И в «Записках юного врача»: «Порою нас заносило вовсе снегом, выла несусветная метель, мы по два дня сидели в Мурьевской больнице, не посылали даже в Вознесенск за девять верст за газетами, и долгими вечерами я мерил и мерил свой кабинет и жадно хотел газет, так жадно, как в детстве жаждал куперовского «Следопыта»…» Мурьевская больница здесь — псевдоним Никольской, Вознесенск — станция Шаховская.

Булгаков автобиографичен. Иногда обманчиво автобиографичен. Зима эта для него, в отличие от его персонажей, безвыездной не была. В начале марта, т. е. непосредственно после Февральской революции и, может быть, в связи с нею, он ездил в Киев. Был в канцелярии университета, получил наконец свой диплом и другие документы, оставил расписку и дату: 7 марта 1917 года.

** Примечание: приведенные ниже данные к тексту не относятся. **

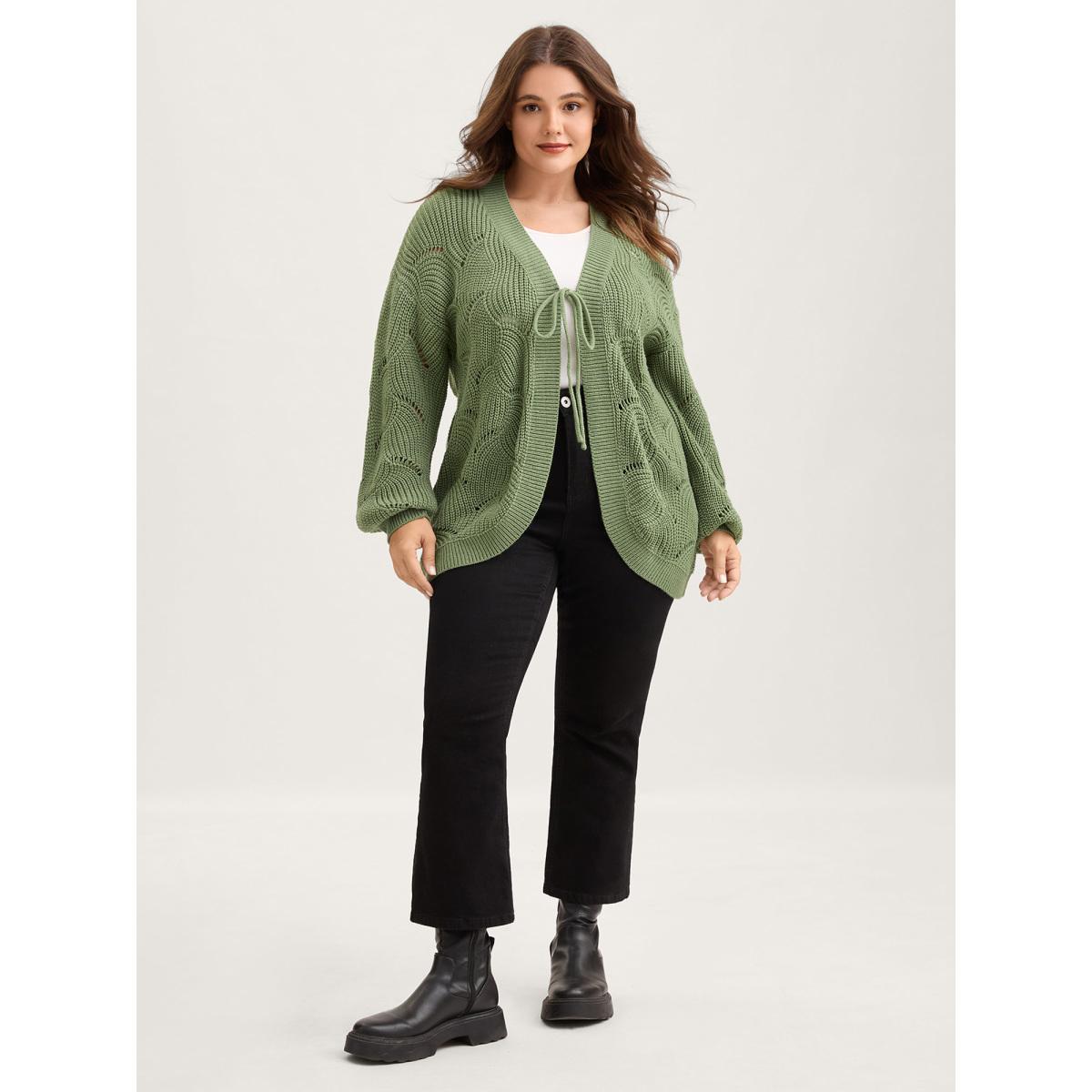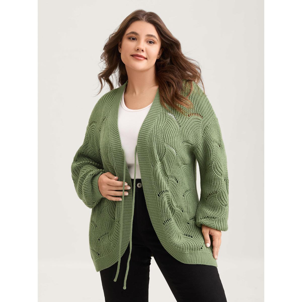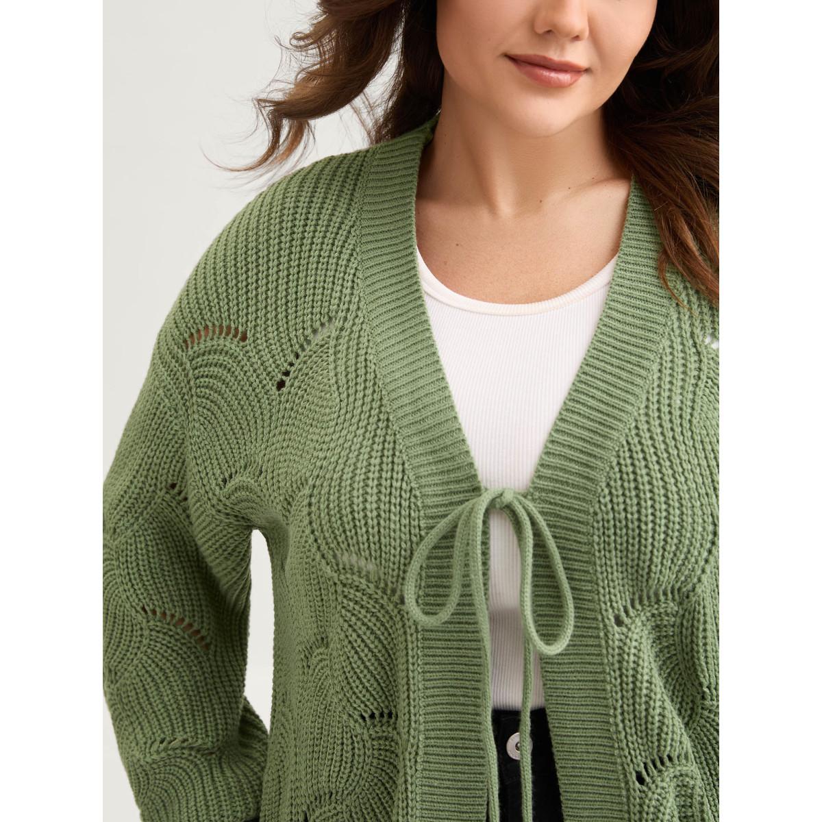 Plus Size Solid Ties Front Cable Knit Cardigan Green Women Casual Long Sleeve Dailywear Cardigans BloomChic 28/5X
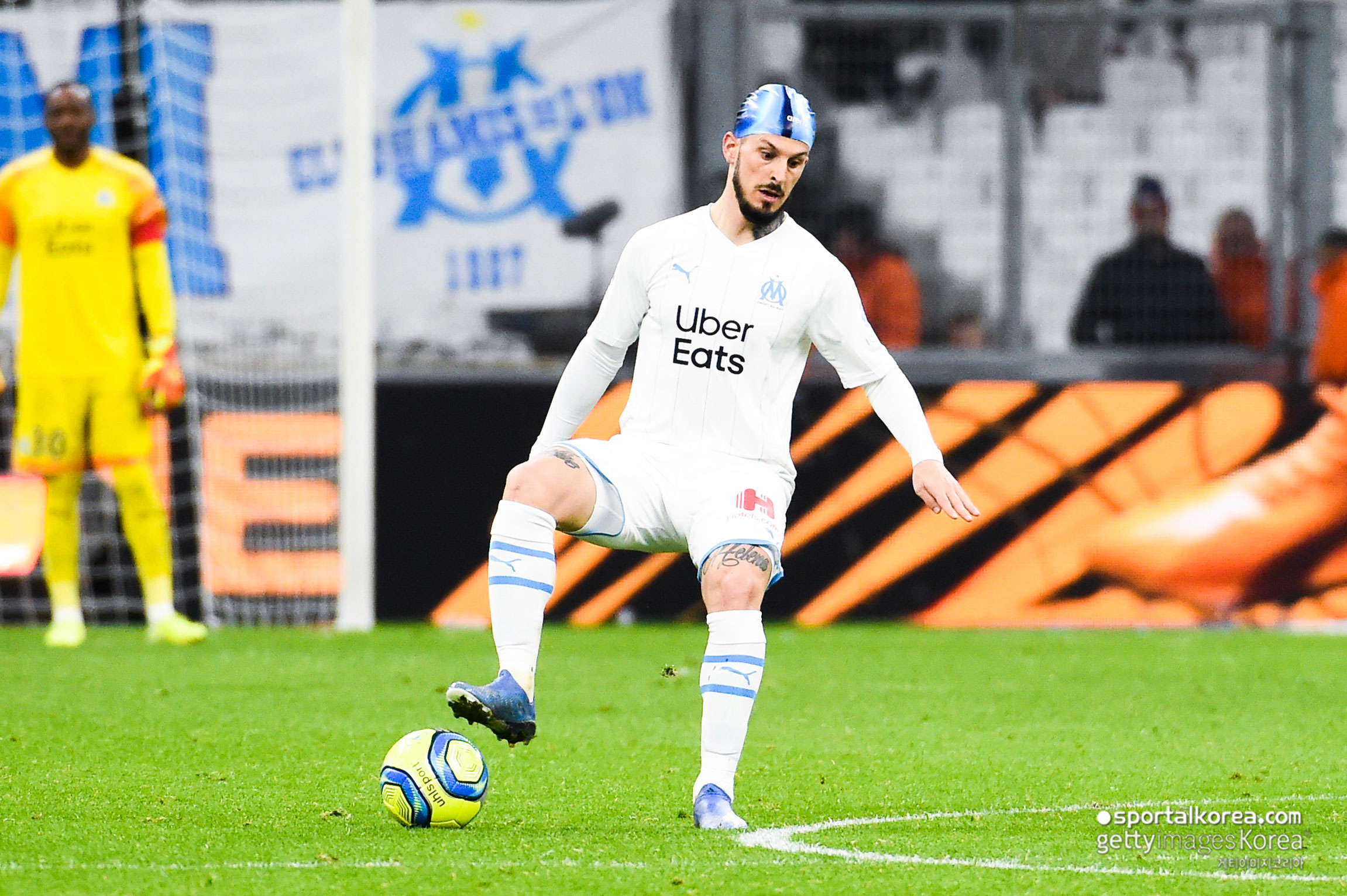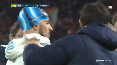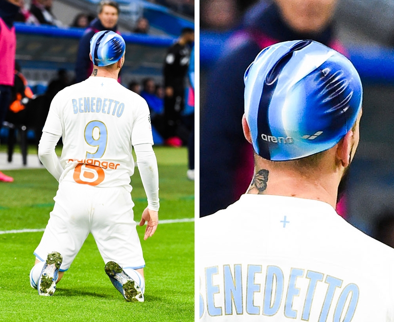 올림피크 드 마르세유 소속 ‘다리오 베네데토(Dario Benedetto)’ 선수는 머리에 수영모를 쓰고 경기를 뛰었습니다.

Осенью главного врача Никольской больницы переводят в Вязьму — заведующим инфекционным и венерическим отделением городской земской больницы.

В повести «Морфий»:

«Уютнейшая вещь керосиновая лампа, но я за электричество!

И вот я увидел их вновь наконец, обольстительные электрические лампочки!..

На перекрестке стоял живой милиционер… сено устилало площадь, и шли, и ехали, и разговаривали, в будке торговали вчерашними московскими газетами, содержащими в себе потрясающие известия, невдалеке призывно пересвистывались московские поезда. Словом, это была цивилизация, Вавилон, Невский проспект.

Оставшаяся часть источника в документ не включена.